The problem: Everything from the line holding "해남읍 신안리, 마을" to the end of the listing below should be copied exactly, line for line, minus the pictures.

Extracted material:
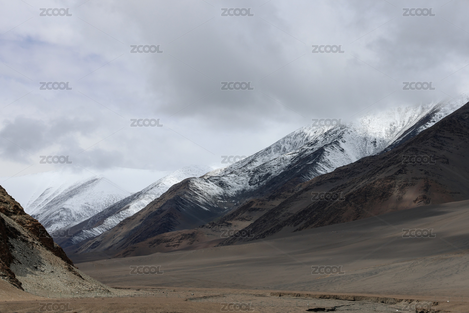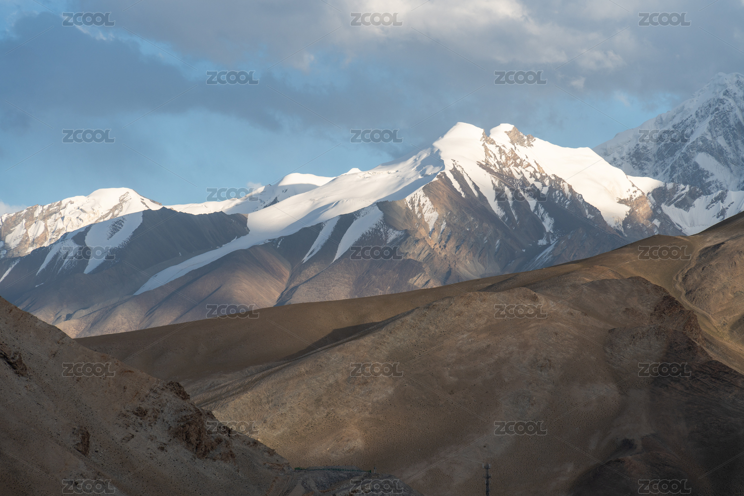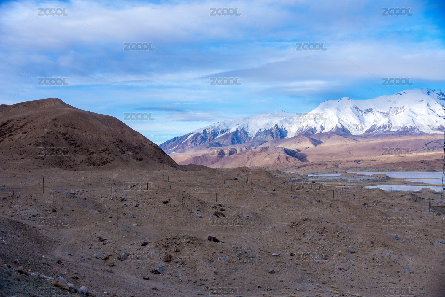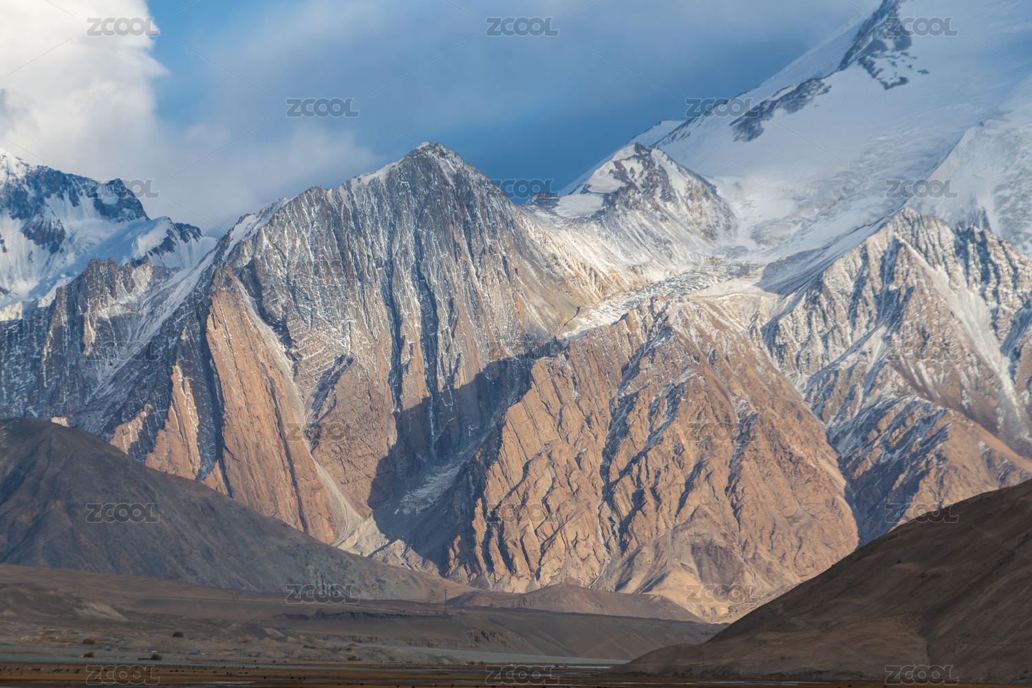 中国新疆喀什至塔县塔什库尔干河谷边的雪山
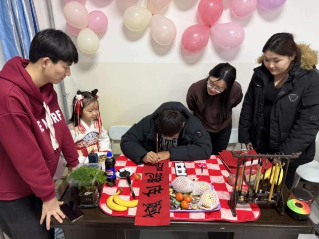 12 月 20 日下午,马克思主义学院四楼洋溢着节日的欢乐氛围,由红色宣讲社团“薪火逐梦”主办,阡陌文化社团与国风社团共同参与的“情暖冬至 喜迎元旦”文化共赏活动在此精彩上演。此次活动旨在弘扬中华文化,丰富校园生活,提升学生精神文化素养。
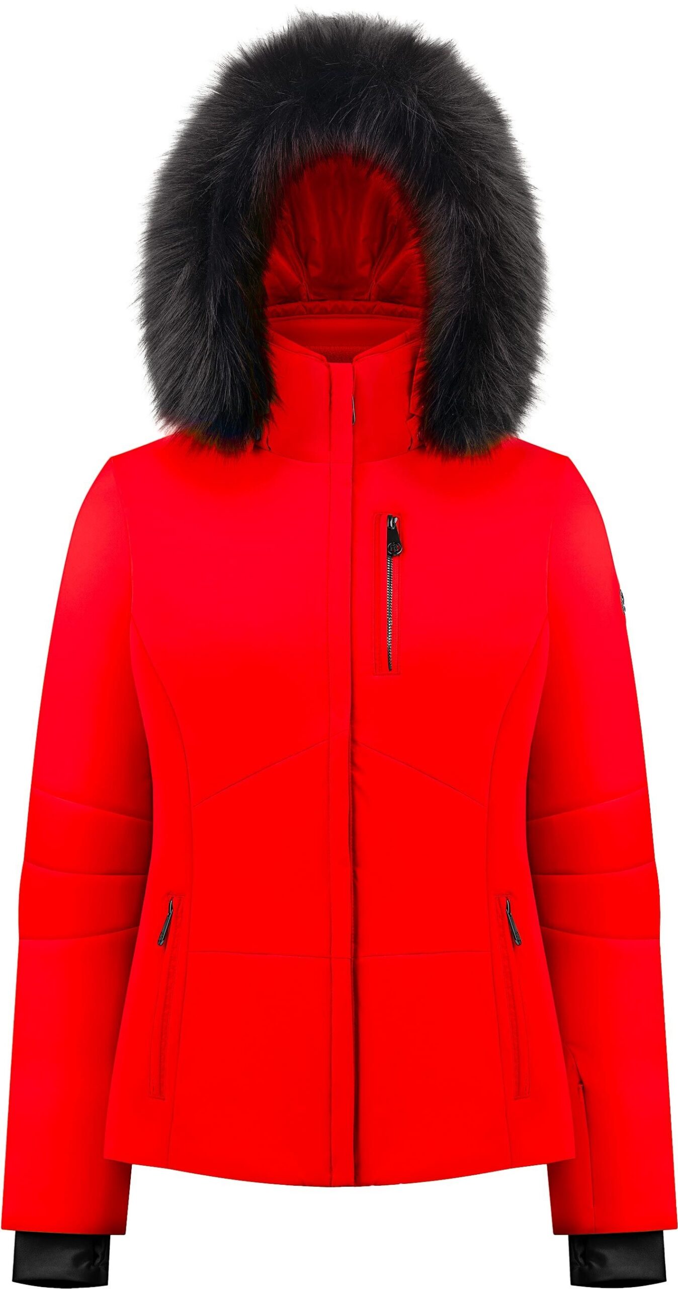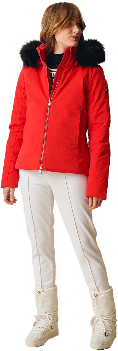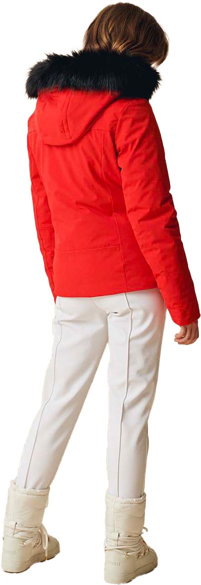 Veste de ski femme Poivre Blanc Emma Ski Jacket Scarlet Red : tissu 4-way stretch, membrane imper-respirante, capuche amovible à fausse fourrure, jupe pare-neige élastique et poches YKK® pour liberté de mouvement et protection sur les pistes.
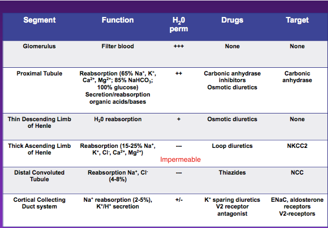 Kidney Physiology: Segment, Function, H2O, Drugs, Target
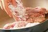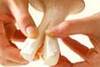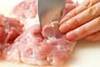 鶏もも肉は身の厚い部分に切り込みを入れ、皮側を包丁の先で軽く刺し、塩コショウを軽く振る。
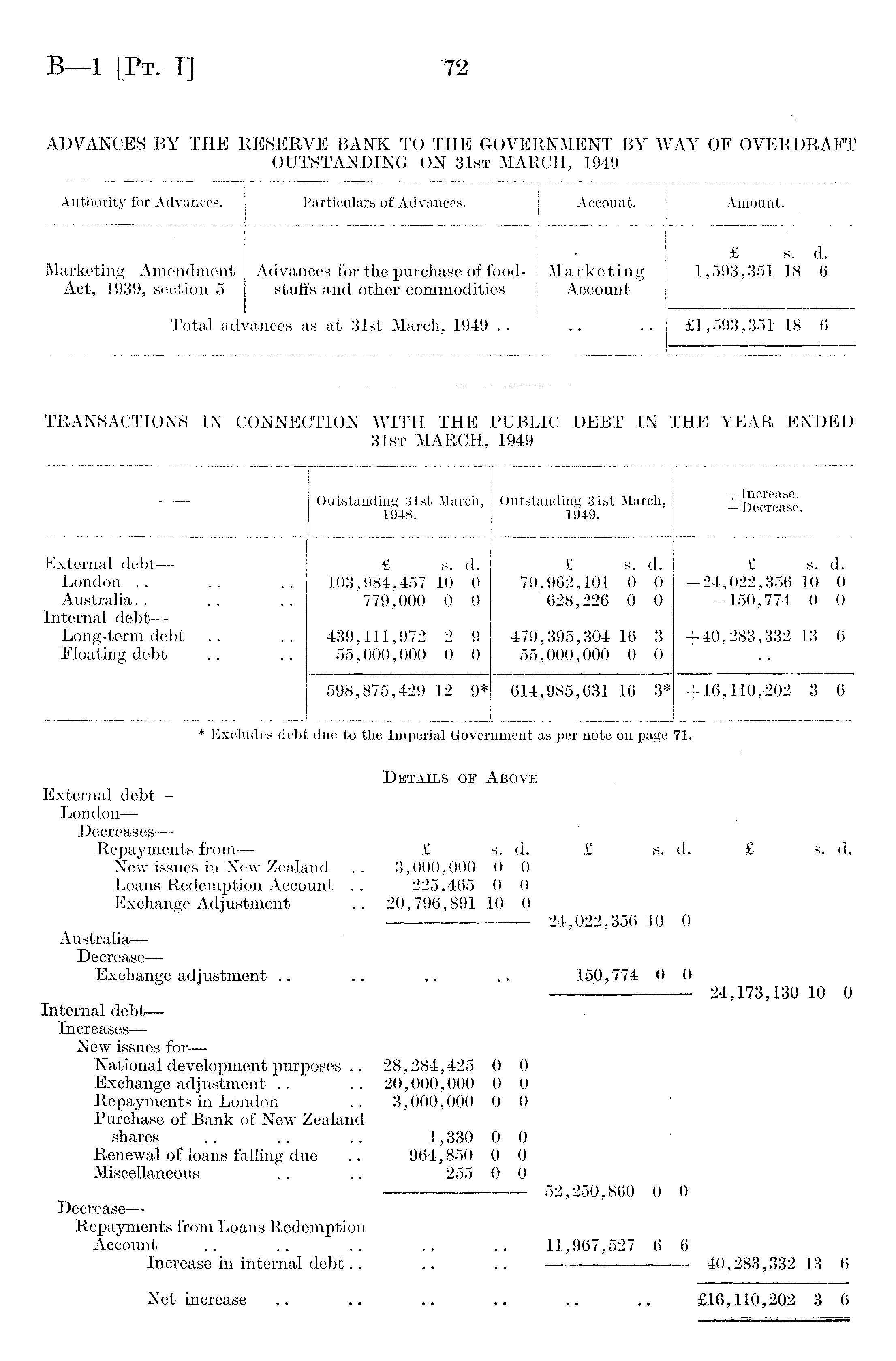 Details of Above External debt— London— Decreases— Repayments from— £ s. d. £ s. d. £ s. d. New issues in New Zealand .. 3,000,000 0 0 Loans Redemption Account .. 225,465 0 0 Exchange Adjustment .. 20,796,891 10 0 24,022,356 10 0 Australia— Decrease— Exchange adjustment .. .. .. 150,774 0 0 — 24,173,130 10 0 Internal debt— Increases—• New issues for— National development purposes ~ 28,284,425 0 0 Exchange adjustment .. .. 20,000,000 0 0 Repayments in London .. 3,000,000 0 0 „ Purchase of Bank of New Zealand shares .. .. .. 1,330 0 0 Renewal of loans falling due .. 964,850 0 0 Miscellaneous .. .. 255 0 0 52,250,860 0 0 DecreaseRepayments from Loans Redemption Account .. .. .. .. .. 11,967,527 6 6 Increase in internal debt.. .. .. 40,283,332 13 6 Net increase .. .. .. .. .. .. £16,110,202 3 6
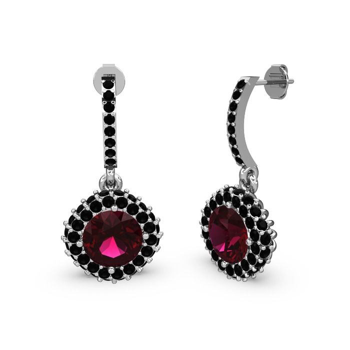 Rodolit garnet ve siyah zirkon 925 ayar gümüş küpe
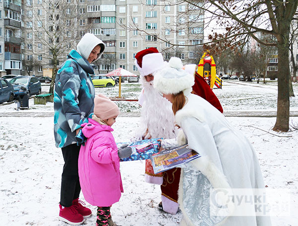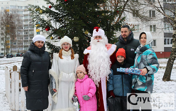 Гости подарили детям не только игры, но и сладкие подарки, с удовольствием послушали новогоднюю песенку в исполнении Тимура. На память о чудесной встрече сделали совместное фото возле красавицы-елки, что установлена в их дворе.
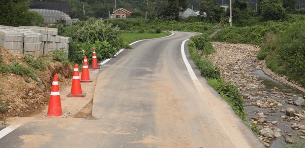 해남읍 신안리, 마을 안길에 아스콘이 절단돼 있어 차량이 위험하게 통과하고 있다. 도로 옆은 하천이어서 차량들은 아슬아슬하게 이곳을 통과한다. 마을주민과 토지소유주 가족 간의 분쟁으로 주민불편이 발생한 것이다.
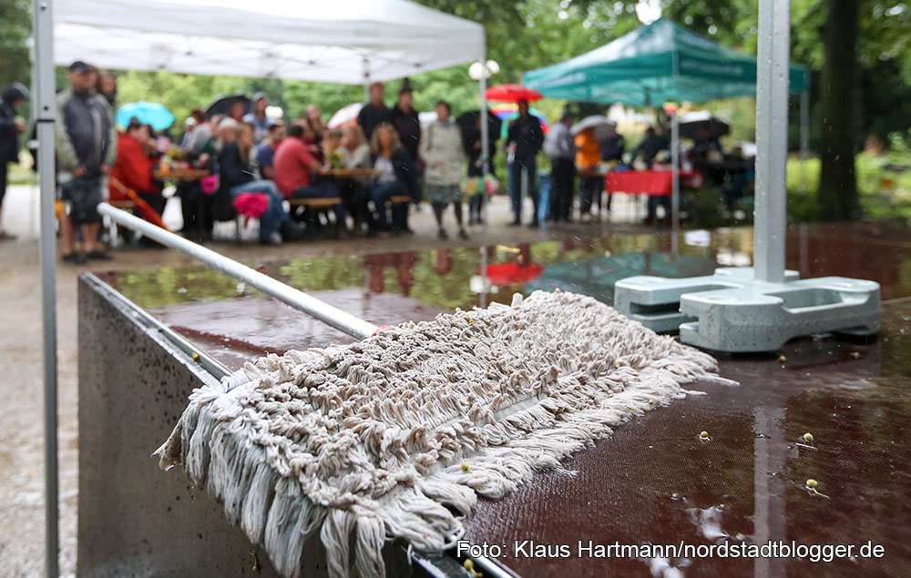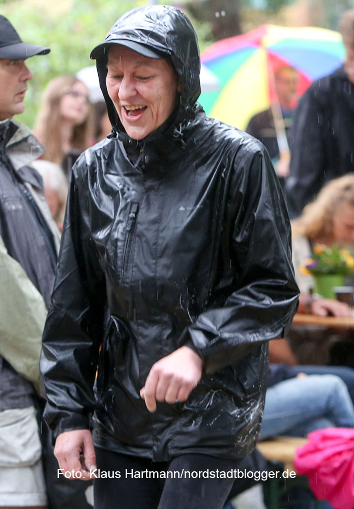Gute Laune unter Zelten und Pavillons trotz des Regens

Exercise answer:
 해남읍 신안리, 마을 안길에 아스콘이 절단돼 있어 차량이 위험하게 통과하고 있다. 도로 옆은 하천이어서 차량들은 아슬아슬하게 이곳을 통과한다. 마을주민과 토지소유주 가족 간의 분쟁으로 주민불편이 발생한 것이다.
Gute Laune unter Zelten und Pavillons trotz des Regens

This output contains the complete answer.